Find the line with "In trying to" in the data below. Repeat it and every line after it exactly, but not the pictures.
════════════════════
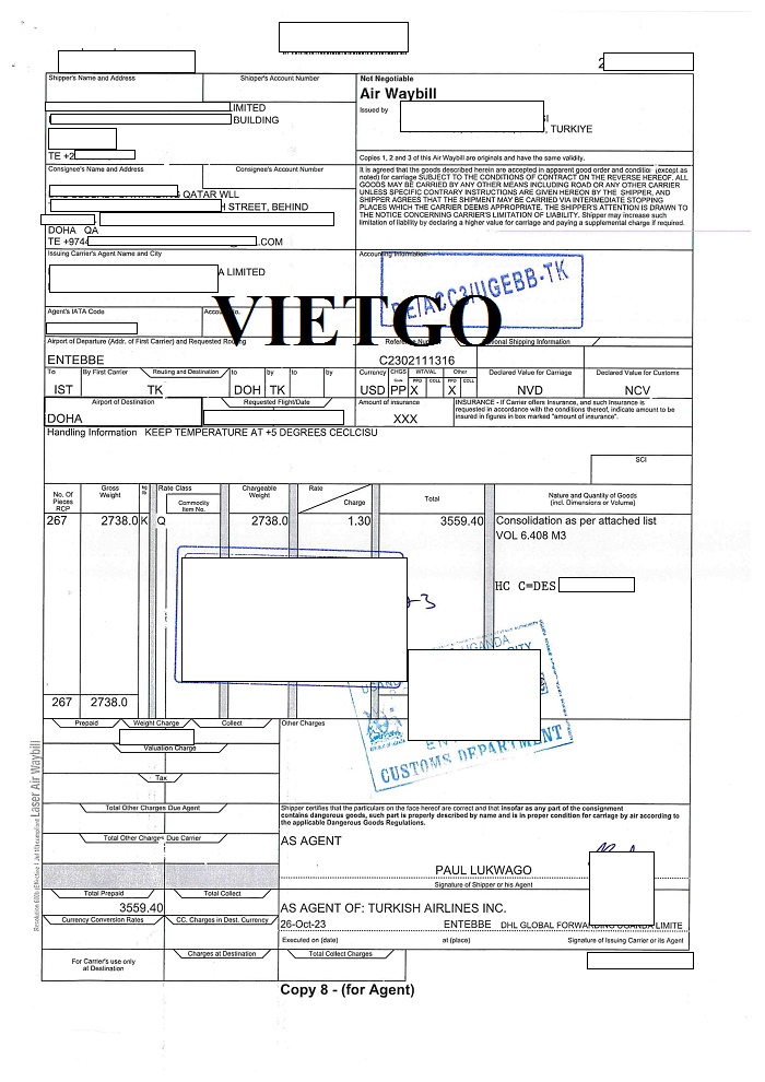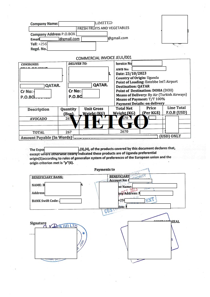 Dưới đây là hình ảnh bộ chứng từ bao gồm Vận đơn đường hàng không, Hóa đơn thương mại, Bảng kê danh sách hàng hoá đóng thùng chi tiết, Giấy chứng nhận xuất xứ và Giấy chứng nhận kiểm dịch từ Cộng hòa Uganda cho đơn hàng nhập khẩu bơ từ Cộng hòa Uganda ngày 25/10/2023 mà công ty vị khách hàng đã thực hiện thành công:
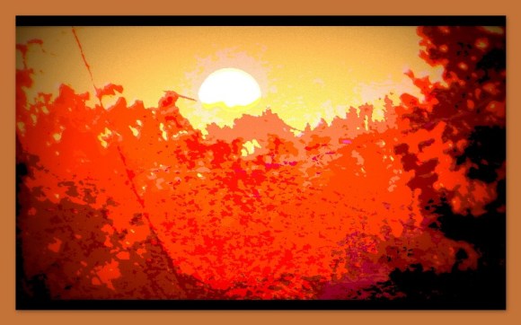 In trying to capture Loves orange orb I slipped and fell And slit the cord The sun spilled out So now where do I begin To try and sneak These rays of love back in ©bk November 8, 2012 I was trying to take a picture of the perfect orange orb sunrise this morning. The rays spilled out into the trees and of course I did not have the correct settings or lens for it but this was fun just the same. bk |
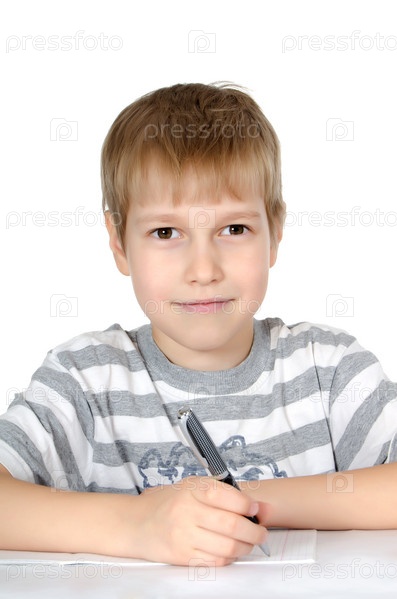 Мальчик пишет в тетради ручкой, белый фон
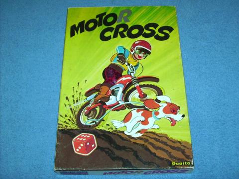 Lauf/Würfelspiel mit Motorrad-Rennthema, Ereignisfelder markiert, Bedeutung nicht angegeben. Die Figuren sind Scheiben auf Füßen.
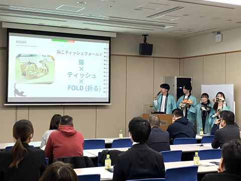 次点は、ネコ型ペーパークラフトを商品化し販売活動まで行った紙小津産業班です
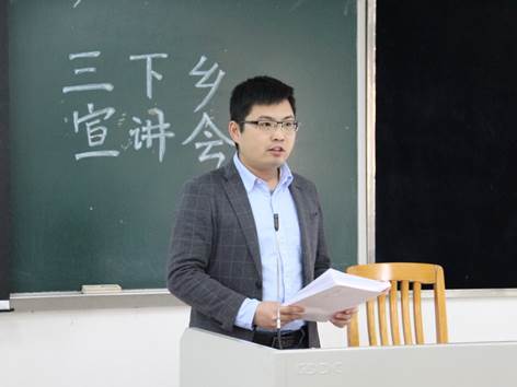 本网讯(文字:沈铮 摄影:温方圆 ) 3月22日下午,2018年法学院三下乡宣讲会在教学楼G208顺利举行。出席本次宣讲会的嘉宾有法学院团委书记陈宇、17级辅导员廖伟智、学生会副主席陈家峤及上一届三下乡优秀队伍代表。
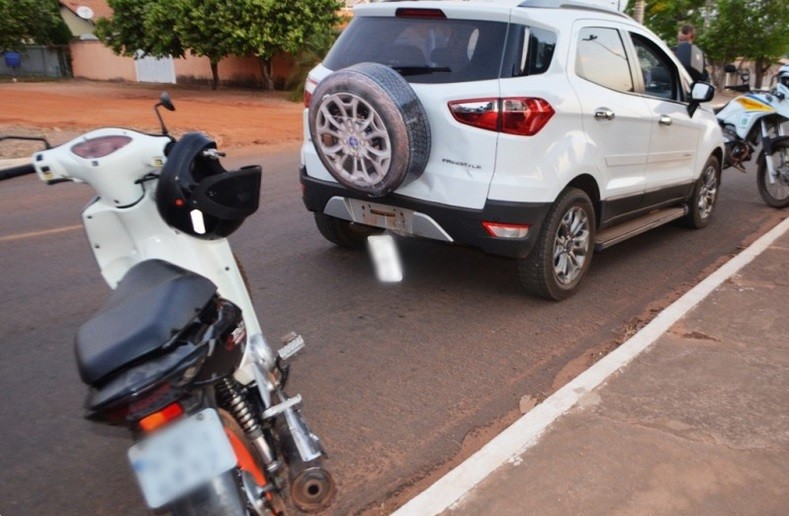 O segurança Gerson Lopes de Brito, de 31 anos, ficou ferido ao se envolver numa colisão entre carro e moto, ocorrida por volta das 17h25 desta terça-feira (18), na rua Presidente Costa e Silva, no bairro Morada Altos do São Pedro em Coxim.
════════════════════
Answer to the problem →
 In trying to capture Loves orange orb I slipped and fell And slit the cord The sun spilled out So now where do I begin To try and sneak These rays of love back in ©bk November 8, 2012 I was trying to take a picture of the perfect orange orb sunrise this morning. The rays spilled out into the trees and of course I did not have the correct settings or lens for it but this was fun just the same. bk |
 Мальчик пишет в тетради ручкой, белый фон
 Lauf/Würfelspiel mit Motorrad-Rennthema, Ereignisfelder markiert, Bedeutung nicht angegeben. Die Figuren sind Scheiben auf Füßen.
 次点は、ネコ型ペーパークラフトを商品化し販売活動まで行った紙小津産業班です
 本网讯(文字:沈铮 摄影:温方圆 ) 3月22日下午,2018年法学院三下乡宣讲会在教学楼G208顺利举行。出席本次宣讲会的嘉宾有法学院团委书记陈宇、17级辅导员廖伟智、学生会副主席陈家峤及上一届三下乡优秀队伍代表。
 O segurança Gerson Lopes de Brito, de 31 anos, ficou ferido ao se envolver numa colisão entre carro e moto, ocorrida por volta das 17h25 desta terça-feira (18), na rua Presidente Costa e Silva, no bairro Morada Altos do São Pedro em Coxim.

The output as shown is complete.